That is the conclusion of the Associated Builders and Contractors from its analysis of the latest U.S. Bureau of Labor Statistics Producer Price Index data.
Construction input prices in the US were unchanged in July relative to the previous month, while non-residential construction input prices fell 0.1% for the month.
Overall construction input prices are 3.1% lower than a year ago, while nonresidential construction input prices are 2.7% lower. However, prices increased in all three energy subcategories. Natural gas prices were up 11.0% in July, while crude petroleum and unprocessed energy materials prices increased 8.4% and 8.0%, respectively.
“Goods prices continue to stagnate in the context of improved supply chains and a sluggish global economy,” said ABC chief economist Anirban Basu. “It has been the improvement of supply chains that best explains recent positive economic outcomes in the U.S. economy.
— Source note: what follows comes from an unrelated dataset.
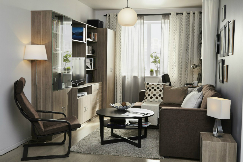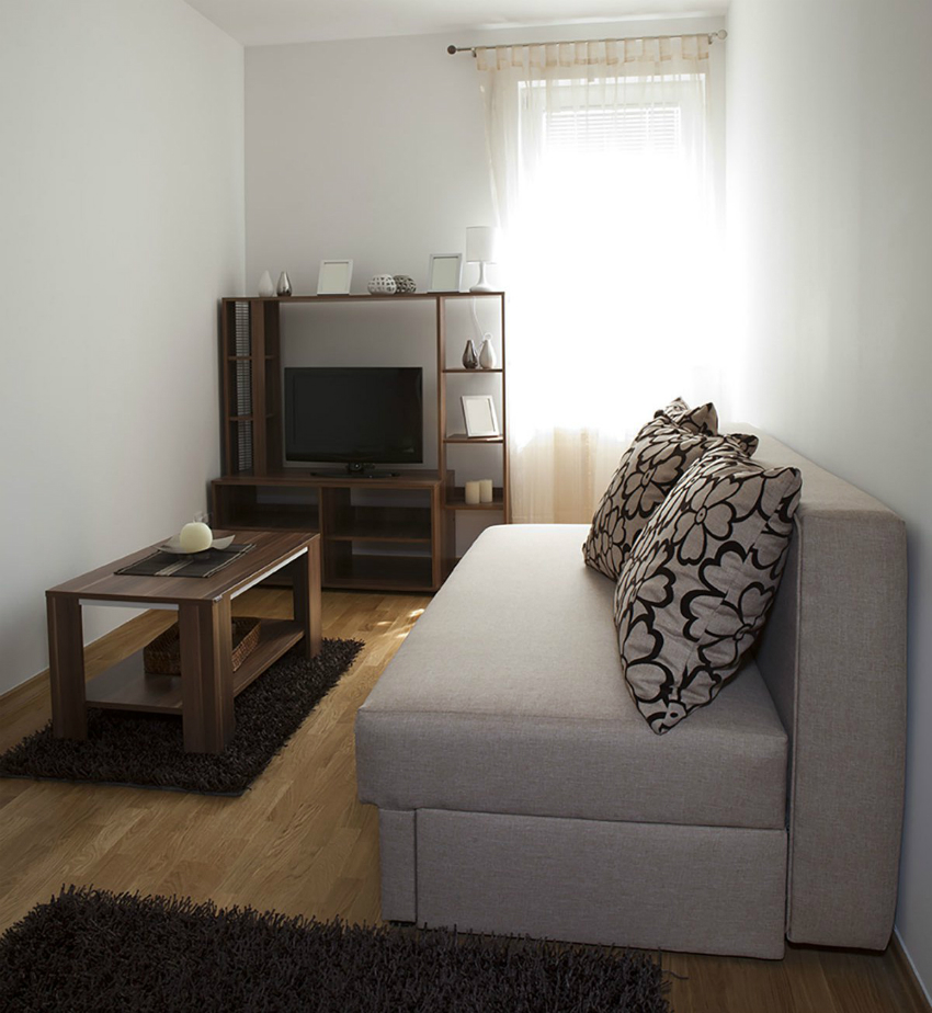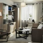 Around the sofa, you can arrange armchairs or soft poufs for guests. A small round or oval glass coffee table can be placed near the sofa. Various options for placing furniture in the hall of a small apartment, photos of the interiors of which can be found on the Internet, allow you to choose the most successful solution for a particular case.

As supply chains have normalized, unmet demand has been more readily satisfied. That has propelled transactional volume and economic growth. At the same time, the improved supply chain has helped push prices lower, contributing to the disinflation observable both in yesterday’s consumer price index data and today’s producer price index release.
Basu says that one exception may be construction equipment prices. The price of equipment expanded nearly 2% on a monthly basis in July and nearly 10% over the past year.
"Many contractors continue to complain about lengthy lead times for equipment as the nation continues to expand spending on infrastructure,” Basu added.